Now a new Web site offers the public a way around those cultural and language barriers.
Created by the Asia-Pacific Economic Cooperation, or APEC, and sponsored by the U.S. Department of Education, the site offers the public with direct links to curriculum, test items, and examples of classroom teaching in China, Japan, Korea, and Singapore, as well as Pacific Rim nations such as Australia and New Zealand. It also presents a glimpse of the common educational challenges facing those jurisdictions.
And yes, it’s all in English.
Visitors can read the translated math standards being used in Chinese schools, along with those of Japan, Korea, and other nations, They can see video demonstrations of teaching. This week, for instance, I watched an online video of a Japanese teacher leading a rather boisterous math class. As the teacher spoke, subtitles appeared onscreen, explaining the content that was being covered and what the teachers and students were saying.
There is also information on the foreign-language requirements of various nations. In addition, an American policy organization, Achieve, offers a comparison of the math and science standards across the APEC countries, examining which topics get covered most often by grade span. (My colleague Kathleen mentioned Achieve’s work on this topic in a previous post.)
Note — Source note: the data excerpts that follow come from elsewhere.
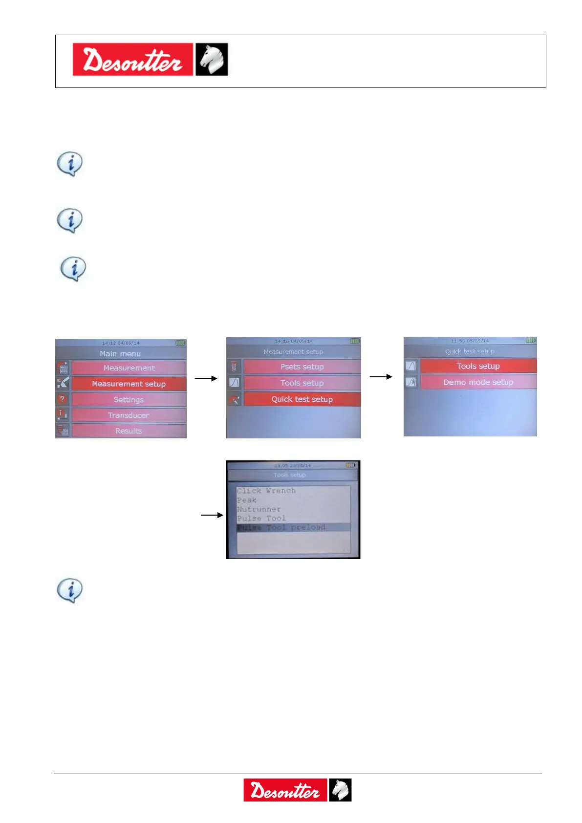 Quick test setup → Tools setup:
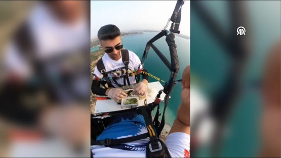 Sınırlarını zorladı: Yamaç paraşütü yapan aşçı havada suşi yaptı
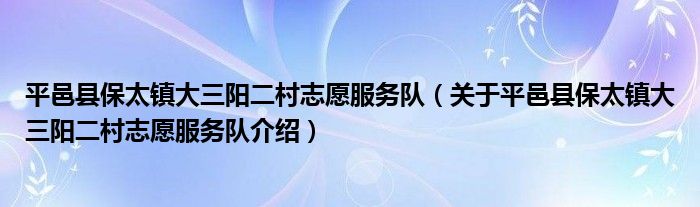 關于平邑縣保太鎮大三陽二村志愿服務隊到此分享完畢,希望能幫助到您。
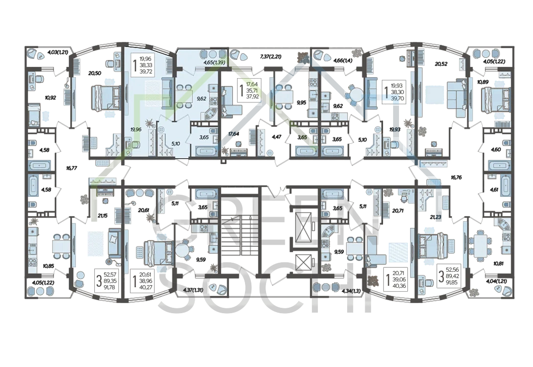 Общая площадь 39.72 м2
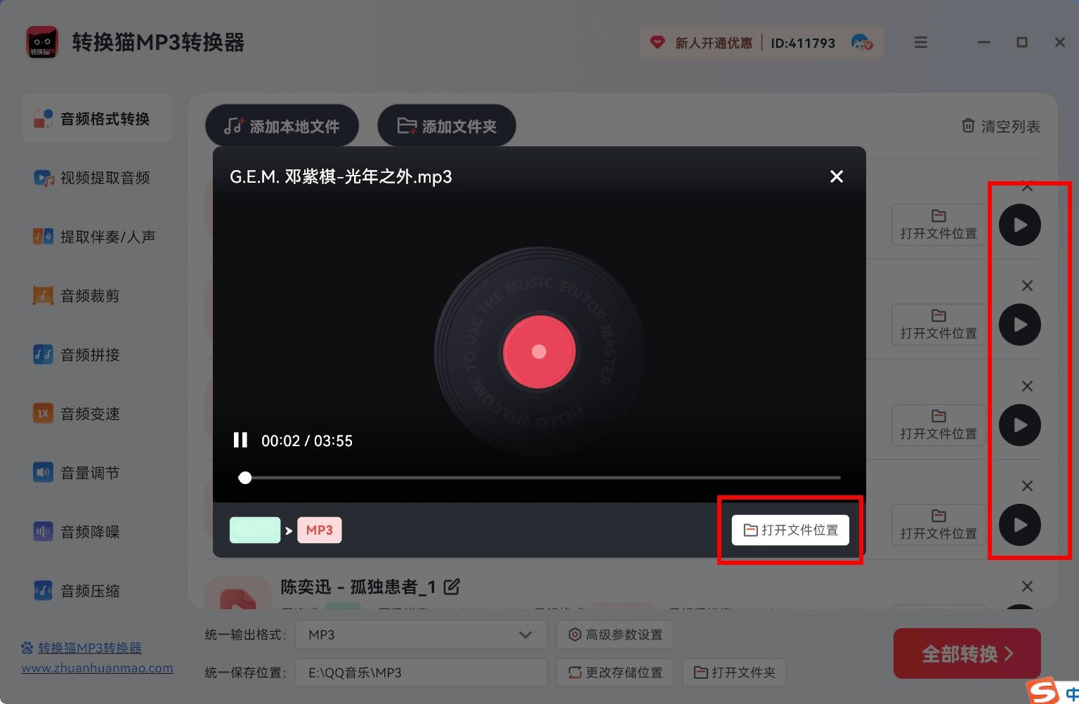 第三步在输出格式中选择MP3,可以根据需要调整比特率,通常选择192kbps或320kbps即可保证良好音质。设置好输出目录后,点击全部转换按钮,软件会自动完成格式转换,转换完成后会提示保存位置。
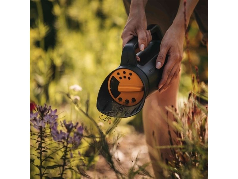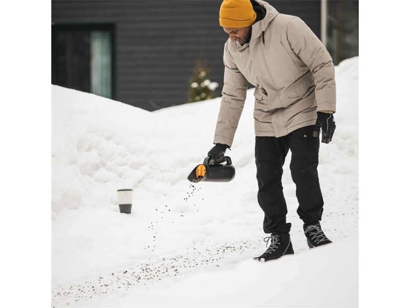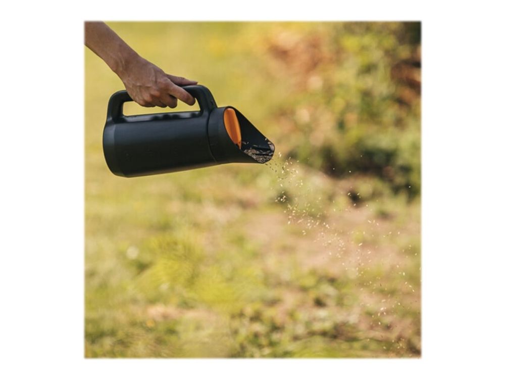 Fiskars Solid Spreader is ideal for evenly spreading sand, salt, fertilizer and more. A unique, easy-to-turn selection knob allows you to choose from three dosings while spreading: pour, fast flow or slower flow.
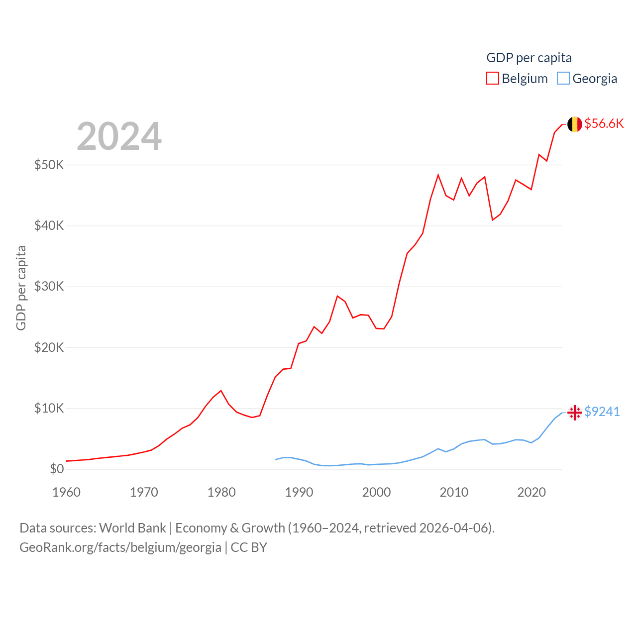 By GDP, Belgium ranks 23/197 ($671B) and Georgia ranks 107/197 ($34.2B). By GDP per capita, Belgium ranks 18/197 ($56,615), while Georgia ranks 89/197 ($9,241).
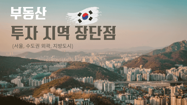 부동산 투자 지역의 장단점에 대해 말씀드리겠습니다. 대한민국에서 부동산 투자 지역은 크게 서울특별시, 수도권 외곽, 지방도시 이렇게 3가지로 나눠집니다. 각 구역별로 투자방법이라던지 자금력 등 장단점이 있습니다. 이번에는 부동산 투자에 있어 지역을 선정할때 주로 고려해야될 부분들 확인해보도록 하겠습니다.
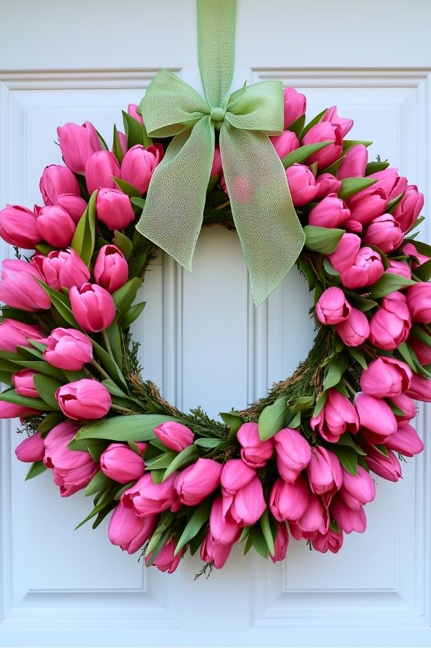 This tulip wreath is such a mood, bright, happy, and basically screaming “spring’s here, deal with it.” The pink tulips look so plump and fresh you almost want to water them, and that soft green bow gives it just the right pop without going all Barbie-core. It’s simple but feels fancy, like something that says you actually have your life together (even if you don’t). Honestly, hang this up and your door instantly becomes the prettiest thing on the block.

The site is the work of APEC, a 21-nation organization that promotes economic development, trade, and investment across the Pacific Rim. APEC maintains the site; the U.S. Department of Education sponsors it, though the agency does not endorse or screen its materials.
Anyone can access the site. Material is added to it through a password-protected system, which allows educaton experts in various countries to submit and update information that the organization’s members, and the public at large, might find useful, said Alan Ginsburg, the chair of human-resources development at APEC, who has worked on the site. Ginsburg is also the director of policy and program studies at the Education Department.
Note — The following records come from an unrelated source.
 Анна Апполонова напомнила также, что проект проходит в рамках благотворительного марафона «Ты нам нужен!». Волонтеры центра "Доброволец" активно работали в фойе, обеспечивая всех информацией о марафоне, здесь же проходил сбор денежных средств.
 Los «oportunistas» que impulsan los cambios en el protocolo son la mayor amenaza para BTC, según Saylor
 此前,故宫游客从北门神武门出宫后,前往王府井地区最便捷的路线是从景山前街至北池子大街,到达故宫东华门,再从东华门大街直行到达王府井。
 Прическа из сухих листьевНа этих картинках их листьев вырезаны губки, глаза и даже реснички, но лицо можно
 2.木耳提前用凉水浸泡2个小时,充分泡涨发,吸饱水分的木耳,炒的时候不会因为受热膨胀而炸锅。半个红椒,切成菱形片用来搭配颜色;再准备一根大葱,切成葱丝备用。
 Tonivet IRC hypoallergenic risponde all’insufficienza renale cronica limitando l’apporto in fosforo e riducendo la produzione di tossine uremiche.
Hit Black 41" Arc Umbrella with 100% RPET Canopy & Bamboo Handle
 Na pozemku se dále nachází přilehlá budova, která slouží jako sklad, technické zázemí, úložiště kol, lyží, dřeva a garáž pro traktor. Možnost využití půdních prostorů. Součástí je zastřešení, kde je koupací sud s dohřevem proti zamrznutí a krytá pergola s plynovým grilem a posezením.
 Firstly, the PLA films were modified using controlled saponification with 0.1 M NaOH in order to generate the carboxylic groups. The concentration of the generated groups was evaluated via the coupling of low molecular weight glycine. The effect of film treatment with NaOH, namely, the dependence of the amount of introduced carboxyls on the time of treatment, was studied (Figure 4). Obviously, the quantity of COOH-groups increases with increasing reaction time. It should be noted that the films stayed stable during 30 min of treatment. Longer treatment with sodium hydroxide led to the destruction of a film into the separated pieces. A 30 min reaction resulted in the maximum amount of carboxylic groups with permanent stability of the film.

“It’s a way for us to collaboratively build a knowledge base among APEC countries that draws upon the strengths and experiences of different education systems,” Ginsburg explained to me. “It’s also a way that we can begin to identify what our differences are.”
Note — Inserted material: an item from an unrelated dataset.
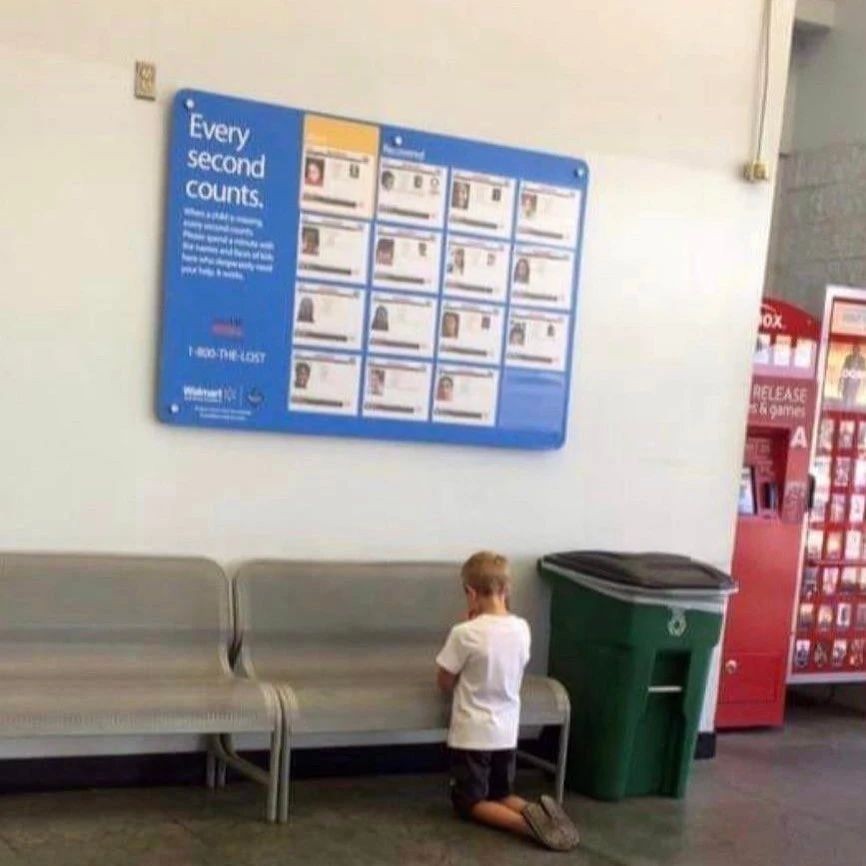一个男孩在海报前为失踪儿童祈祷,小孩子的心灵总是那么的纯粹…
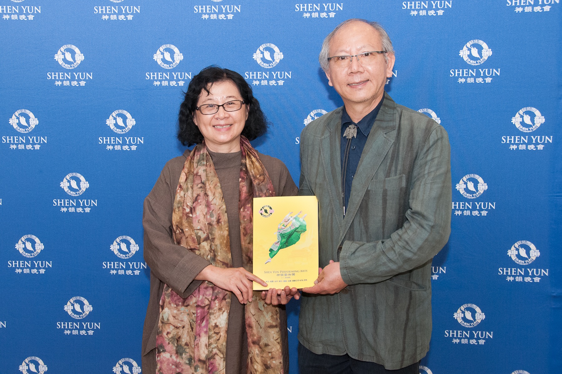 曾获纤维艺术及民族工艺奖的天染工坊艺术总监陈景林,于四月六日观赏神韵台中场的演出后盛赞神韵色彩美学经典,充满希望。他表示神韵是一种经典的呈现,“这个呈现是一个高度的艺术性的调合,整个舞台、服装道具,以至于声光效果,都呈现得非常完整。” 曾在中国边疆做过田野调查的陈景林,认为神韵将不同的民族特色呈现得非常好,“包容力、包容性很高。而且把她的精髓,表现非常淋漓尽致。” 他以做造型艺术的专业角度来欣赏神韵,认为将中国色彩运用得非常好,非常醒目、直接。他观察到神韵在色彩的使用上,以对比性的配色为主,而且是经典的呈现,“比例抓得很好。比如说她用大量橙色系的颜色,就用非常少量的蓝,或者少量的黄绿,去衬托她。”再者,“有很多色彩的渐层效果,然后渐层之中,适当的留白。”他认为这是“高端的用色。” 陈景林赞佩这样高端的用色,所以舞台呈现“华丽的效果,但是却不俗气,这个很难得。”他阐述到:“里边用了少许的紫色去衬黄橙,这种效果就是在对比性的调色里边,算是用到很经典,就是比例用的很美。”而且对色彩呈现的效果,他赞服地说:“感觉到很喜悦,这个效果能够呈现,华丽而喜悦。”让观众感受到“对生命充满希望,我觉得很正面。”他认为神韵呈现的“是正面的,或者歌颂,或者对未来希望性的表达。”他相信神韵的演出对世界各地都是好的影响。 陈景林觉得神韵演出是一件了不起的事情,他要尽最大力量感谢神韵艺术总监对世人的启发和影响。 研究所所长:承传文化的精髓 匡正人心  明道大学课程与教学研究所所长黄源河感佩神韵传承文化,并发扬光大。 |

APEC member countries arrange to have their curricular materials and other resources translated into English, typically by a university researcher or another source. The site is rapidly evolving, Ginsburg noted, and it’s likely to include much more information in the future than it does now.
Even so, there’s already a wealth of information for anybody interested in how other nations (in some cases, higher-performing nations) are doing things.